Eglanova, after one brilliant outburst of Imperial Moscow anger, had settled down to a quiet chat with Alyosha, in Russian. Alyosha was more nervous; he continually screwed and unscrewed his monocle, wiping it with a silk handkerchief. Jane, who sat beside me, wept a little and I comforted her. Wilbur, after a display of Dubuque, Iowa, temperament, settled down for a long tense quarrel with Louis, a quarrel which had nothing to do with Magda. For some reason Madame Aloin had been placed under suspicion as well as the pianist, a worm-white youth who acted exactly the way you would suppose a murderer at bay to act. Mr. Washburn was not with us long, since he was the first witness to be called. I might add that Elmer Bush had contrived to remain with us in the studio, after first phoning his numerous staff: this was one exclusive he was sure of … television star or not he was the same Elmer Bush who, twenty years ago, was the best crime reporter in the country. He chatted with everyone now … first with one; then with another, conducting a suave investigation which, I swear, was a good deal brighter than the one the taxpayer’s burden was conducting in the next room.

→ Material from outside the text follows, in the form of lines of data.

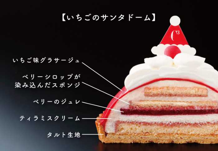 まろやかなマスカルポーネとベリーの相性が絶妙な【いちごのサンタドーム】(15cm/3,801円)。真っ赤なグラサージュとシャンティクリームで仕上げた、子どもから大人まで楽しめる一品です。
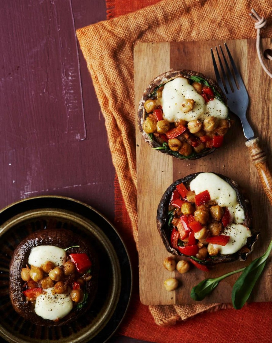 - Täytä sienilakit tuoreilla pinaatinlehdillä ja kikherneseoksella. Kypsennä sieniä 200-asteisessa uunissa 20 minuuttia. Ota sienet uunista ja revi päälle mozzarellaa. Jatka kypsennystä vielä noin 5 minuuttia, kunnes juusto on sulanut sienten pinnalla.
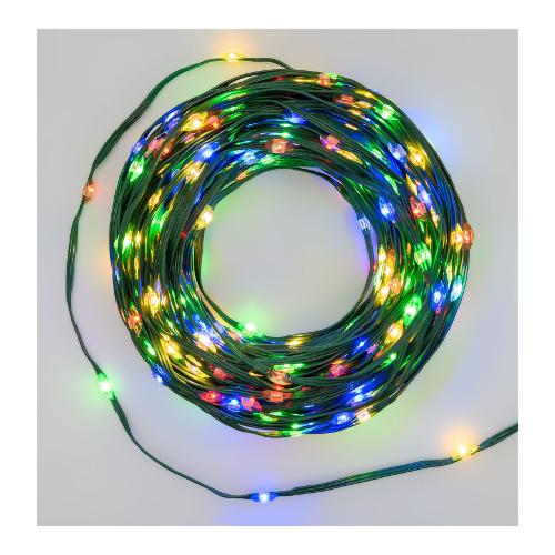 Catena lineare 15m mtl 200 gocce di luce led 360° multicolor ø4mm, led high brightness alta luminosità a 360° , memory controller luce fissa + 7 giochi luce selezionabili con timer 8 ore on 16 ore off disinseribile tramite pulsante luminoso integrato nel trasformatore bassa tensione di sicurezza, ip44 uso esterno e interno
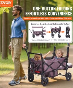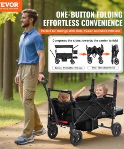 VEVOR 4-Seater Collapsible Wagon Stroller with Canopy, Push/Pull Handle, Safety Harness, 150kg Load, Dark Gray & Black
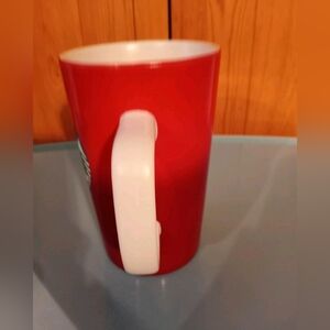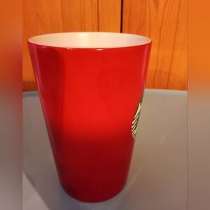 Starbucks tall red mug with green siren mermaid logo
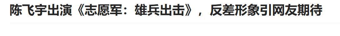 文本信源:大众网|陈飞宇出演《志愿军:雄兵出击》,反差形象引网友期待. 2023
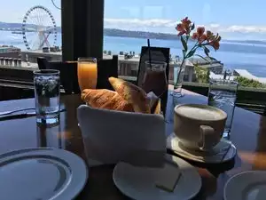 It had the potential of being a great brunch. Conveniently located in Pike Place Market, with a beautiful view of Elliott Bay and Puget Sound. Food was pretty good (but overpriced). That is all we have to say that was good. Now for the bad part... Our waitress was terrible. Not only was she rude, she was inattentive. She started by belligerently telling us we were not allowed to bring outside drinks (coffee) into the restaurant. Funny, but the host did not share this sentiment. She was very slow to wait on us and quite rude when doing so. She never checked on us after food was delivered - we had to ask for butter for our $8 croissants. Also, I never got a coffee refill. It took quite a while to get, and pay, our check. After, we waited too long to have our "outside drink" returned to us. When she did, she slammed it on the table and walked away. We will be happy not to return here. Suggest you look elsewhere also.
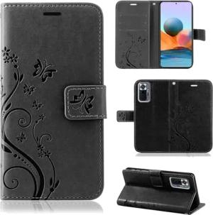 Hülle Kompatibel mit Xiaomi Redmi Note 10 Pro | Premium PU Leder Handyhülle Wallet Case für Redmi Note 10 Pro | Schutzhülle Blumen Klapphülle Handyhülle | Schwarz
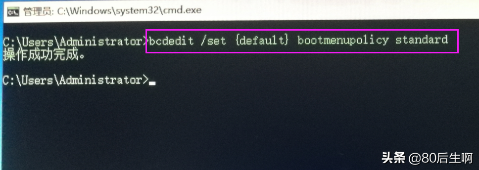 bcdedit /set {default} bootmenupolicy standard并回车即可。
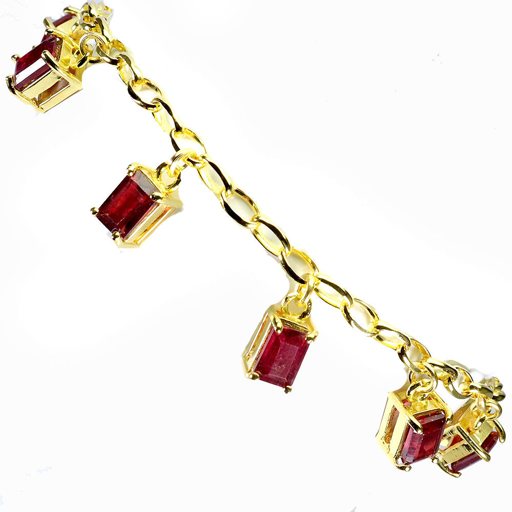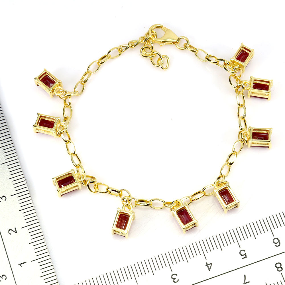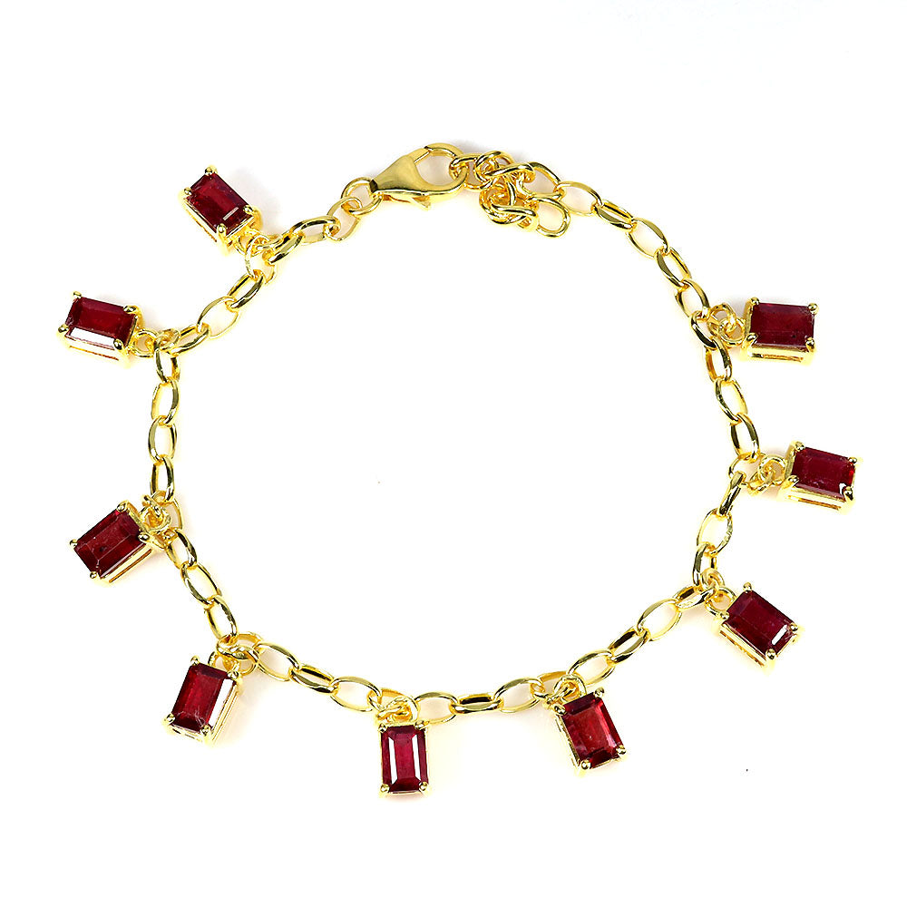 925 Sterling Silver Bracelet Octagon Ruby 6x4mm Natural Gemstone Jewelry 8inches
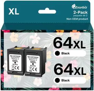 Exurbiz 64XL Ink Cartridges Black Compatible for HP 64 XL Work with Envy Photo 7855 7858 7155 6255 6252 7100 7800, HP Envy Inspire 7900e 7950e Tango Series Printer, 2 Pack
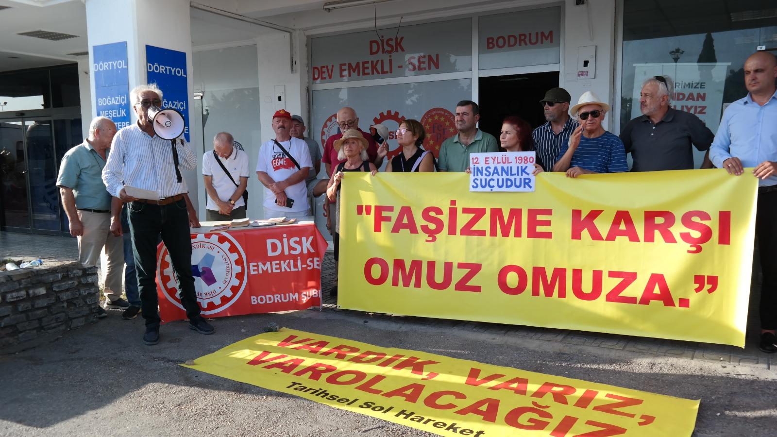 DİSK’e bağlı Devrimci Emekliler Sendikası Bodrum Şube Başkanı İbrahim Uzun’da topluluğa hitaben; “12 Eylül sabahı, beş general yönetime el koydu. Meclis’i feshetti, anayasayı askıya aldı, siyasi partileri kapattı. Hedeflerinden biri de Devrimci İşçi Sendikalar Konfederasyon’uydu. Kayyım atadı, mal varlıklarına el koydu, bağlı sendikaların faaliyetleri durduruldu, üyeleri gözaltına alındı, 100 günü aşkın işkence yapıldı, 78 yöneticinin idamı istendi, toplamda bin 477 kişi yargılandı. 12 Eylül’de idama varan yüksek cezalandırmalar karşısında dönemin Genel Başkanı Abdullah Baştürk’ün askeri savcıya söylediği ‘Siz ancak benim ceketimi asarsınız’ sözünü halen çok kıymetli bir direniş nişanı olarak mücadelemizde taşıyoruz. DİSK 12 Eylül mahkemelerinde adeta bir direniş destanı yazmıştır. DİSK’in tarihi sadece bir gelenek değil, esasen gelecektir” görüşlerini dile getirdi. Etkinlikte Bodrum TKP yöneticilerinden Hasan Hüseyin Yalçın ve Yalıkavak İnisiyatifi’nden Mehmet Doğan’da 12 Eylül darbesine ilişkin görüşlerini ifade ettiler. Eylemde sık sık; “Faşizme Karşı Omuz Omuza”, “Birleşe, Birleşe Kazanacağız” sloganları atıldı.
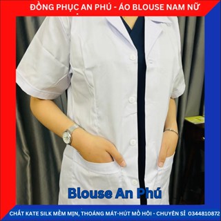 Áo Blouse, blu, blue cho dược sĩ, y tá, kỹ thuật viên, spa tay ngắn thân ngắn nam/nữ vải kate silk
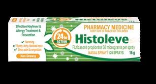Histoleve® Nasal Spray is indicated for the prevention and treatment of allergic rhinitis including hay fever and that caused by other airborne allergens such as house dust mite, mould spores and animal dander.
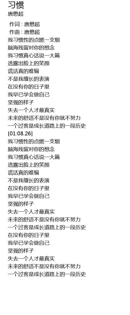 | [01:36.63] | 我习惯真心话说一大篇 |
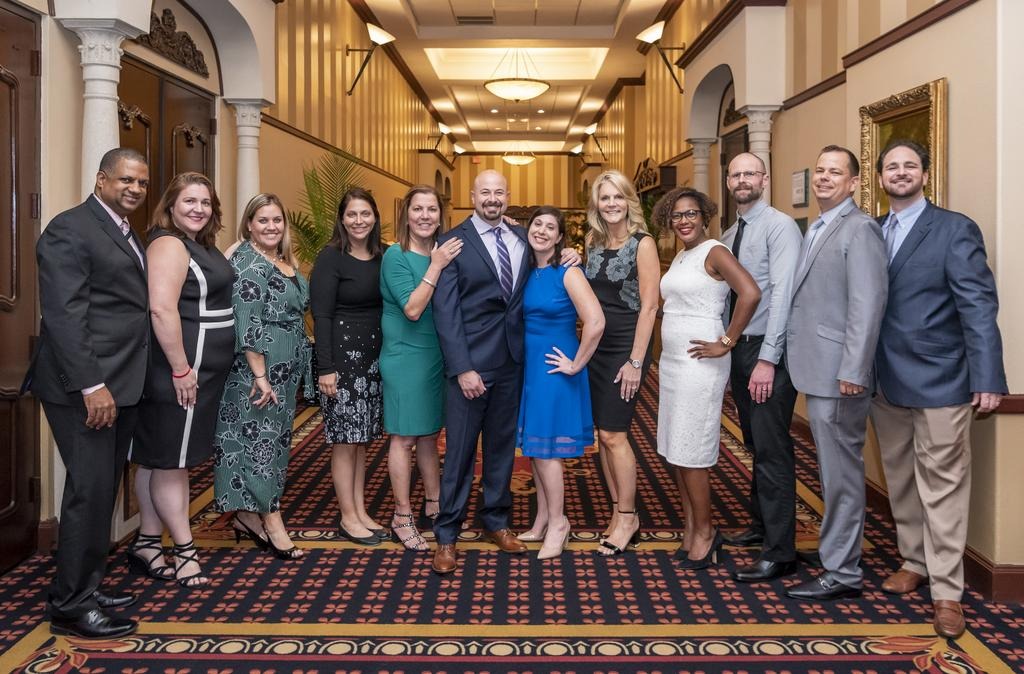 Brian Shultz (center), CIO of Cruise Planners, accompanied by his wife Melissa Shultz(right), is honored by the South Florida Business Journal. He is surrounded by Cruise Planners co-owners and executives, Vicky Garcia(left) and Michelle Fee(right) along with leaders from Cruise Planners Home Office Team.
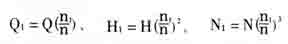 (6)、不得任意提高泵的轉(zhuǎn)速,但可降低轉(zhuǎn)速使用,本型泵額定轉(zhuǎn)速n,流量Q,揚(yáng)程H,功率N,倘若降低轉(zhuǎn)速為n1,則流量為Q1,揚(yáng)程為H1,功率為N1,可用下列公式換算:

“Come on, baby,” I whispered to Jane, my arm around her. “Don’t take it so hard. It’s just one of those things …” I whispered stupidly, soothingly, because after a while she stopped and dried her eyes with a crumpled piece of Kleenex.
“I can’t believe it,” she said, shaking her head. “Not Magda … not like that.”
“Tell them everything, Jane … everything. This is serious. Tell them about your being at Miles’ place.”
“Poor Magda …”
“You’ll do that, won’t you?”
“What? Do what?” I told her again and she looked surprised. “But what’s that got to do with Magda?”
“It may have everything to do with her, with all of us. Promise you’ll tell Gleason the whole story.”
“If you think I ought to.”
“I do. I’m sure all three of these things are connected.”
“So am I,” said Jane, unexpectedly.
I was surprised … she had always been very unrealistic about the trouble … almost as bad as Mr. Washburn and his “accident” theories. I asked her why she had changed her mind.
“Something Magda said today … something about Miles … I don’t remember exactly what it was but she … I think she knew who killed Ella. I think Miles must have known all along and told her that day when he went to see her, when she was sick and her family happened to be out.”
“She–didn’t tell you who it was?”
“Do you think I would be sitting here like this scared to death if she had? I’d be right in there with that policeman, telling him I wanted somebody arrested before … before this happens again.” She shuddered suddenly and I felt cold myself. I looked about the room wildly, wondering who it was. Which of these people was a murderer? Or had someone who wasn’t even here killed Ella and Magda, a maniac in the corps de ballet …?
“I wonder just what happened?” I asked, changing the subject.